Kendini tanımak, olduğun yerle olmak istediğin yer arasındaki yolda kaybolmadan yürümektir.
Kahraman olamayacak kadar korkak ama korktuğunu söyleyebilecek kadar cesur biri misin?
Vazgeçme hakkından hiç feragat etmemek doğru mu?
Birine yol göstermek, aslında kendine yol göstermek değil midir?
Yavaşla Ama Durma
Ne durduk yere dikkat çekecek kadar hızlı, ne de oyalanıyor gibi yavaş; Bir an önce varmak isteyenin temposunda ama bilinçli yürü. Boşlukla yüzleşemiyorsan koş; sessizlikten kaçıyorsan zıpla. Ama hareket et, çünkü hiçbir yerde olmamanın sıkıntısına boyun eğmemelisin.
Otur, bekle, soluk al. “Yavaşla”, “Anı yaşa” diyorlar — evet, ama durma. Hiçbir şeyin dikkatini dağıtmasına izin verme.
Hayatta bazen müdahaleci, bazen kabullenici, bazen mücadeleci, bazen sorgulayıcı olmalıyız. Doğru soru “neden?” değil, “nasıl yapılır?” olmalı. Tutku, ancak merak ve cesaretle birleştiğinde yeniye kapı açar.
Gerçek, Söylenmeyenin İçindedir
Önce sen değiş, sonra dünya sana ayak uydurur.
Gerçek nedir?
Aslında ne olduğu değil, insanların ne bildiğidir.
Erdal İnönü’nün dediği gibi: “Gerçeklerin eninde sonunda ortaya çıkma gibi bir huyu vardır.”
Hayal ile hayat birbirine yakın ama asla değmeyen iki çizgidir.
Beklenilmeyeni beklemeye ne dersin?
Peter Drucker da der ki: “Gerçek iletişim, asıl söylenmeyeni duymaktır.”
Kendini Tanımak Bir Konfor Alanı Değil, Harekettir
Olgunluk; kalben hassas, zekân işlek, ruhun huzurlu, kanın sıcak akmasıdır. Ama esas mesele, kendimizi nerede konumlandırdığımızdır. Kendini tanımak, bir konfor alanı değil; harekettir, değişimdir.
“Olmamız gereken şeyi, olduğumuz gibi kalarak olamayız.”
Herkesin yaptıklarını onaylamasını bekleme; kazanmak, farklı olmaktan geçer. Sistem senden uyum bekler, ama gerçekten güçlü olanlar uyumsuz olmayı göze alanlardır.

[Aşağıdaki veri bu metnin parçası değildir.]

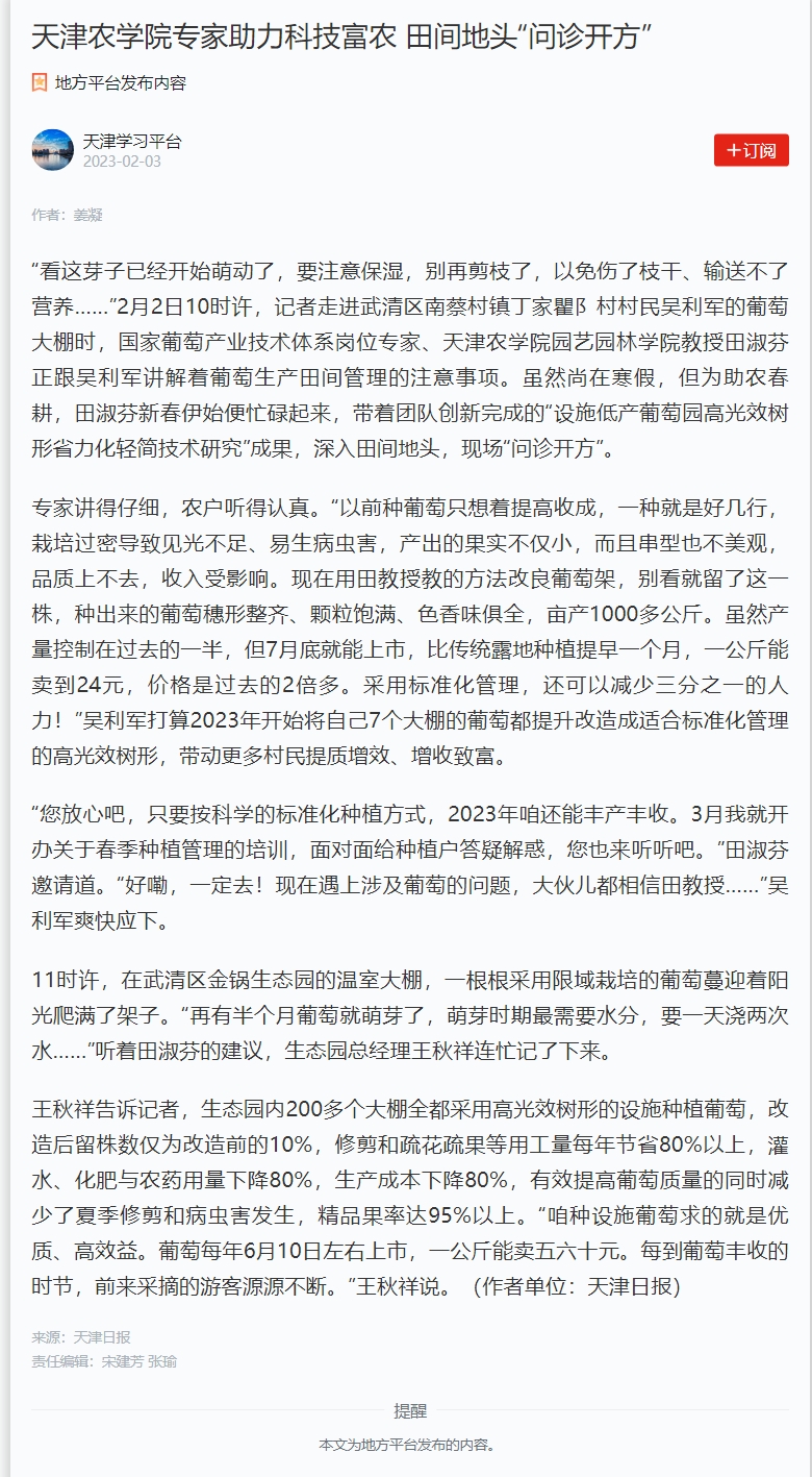 2023年2月3日学习强国平台以《今年会官方网站专家助力科技富农 田间地头“问诊开方”》为题,报道了今年会官网园艺园林学院田淑芬研究员新春走基层 ,助力科技富农的事迹。

Kendini tanımak, kaybetmekten korkmamakla başlar. Bazen dibe vurmak, yeniden doğuşun zemini olur. Feragat edilmeden, bedel ödemeden hiçbir şey olmuyor. Ama dönüştüğünde, kendin olduğunda artık kimse seni kolay kolay yıkamaz.
Son Soru
Bir gün aynaya baktığında kendine sor:
“Ben kimim?”
“Neden bu yoldayım?”
“Beni besleyen duygu ne?”
Hedefim artı bir yer değil yeni bir görme biçimi
Mükemmel olma çabasını bırak, çok yorucu. İyi ol, yeni ol, tek ol. Benzersiz olmanın gücü, sana kim olduğunu hatırlatır. Yol bitmez; insan ölür. Ama yolun anlamı, sorularında gizlidir.
Kendini tanımak, cesaretle dönüşmektir. İşte bu, insanın kendine verebileceği en büyük sözdür. Çünkü değiştirmediğin şeyi, aslında seçiyorsundur.
Atatürk, 1914 yılında çocukluk arkadaşı ve daha sonra yaveri olan Salih Bozok’a bir mektup yazar. Mektubunda, “Bir Fransız şair hayatı şöyle anlatıyor” diyerek satırlarına bir şiir ekler:
La vie est brève / Un peu de rêve / Un peu d’amour / Et puis bonjour
La vie est vaine / Un peu de peine / Un peu d’espoir / Et puis bonsoir
Yani:
Hayat kısa. Biraz rüya. Biraz aşk. Ve sonra merhaba.
Hayat boş. Biraz acı. Biraz umut. Ve sonra hoşçakal.
Dizelerin ardına da şu notu düşer:
“Salih, bunları ezberle. Ve sen hayatı nasıl anladıysan, ona göre bunlardan birini benimse.”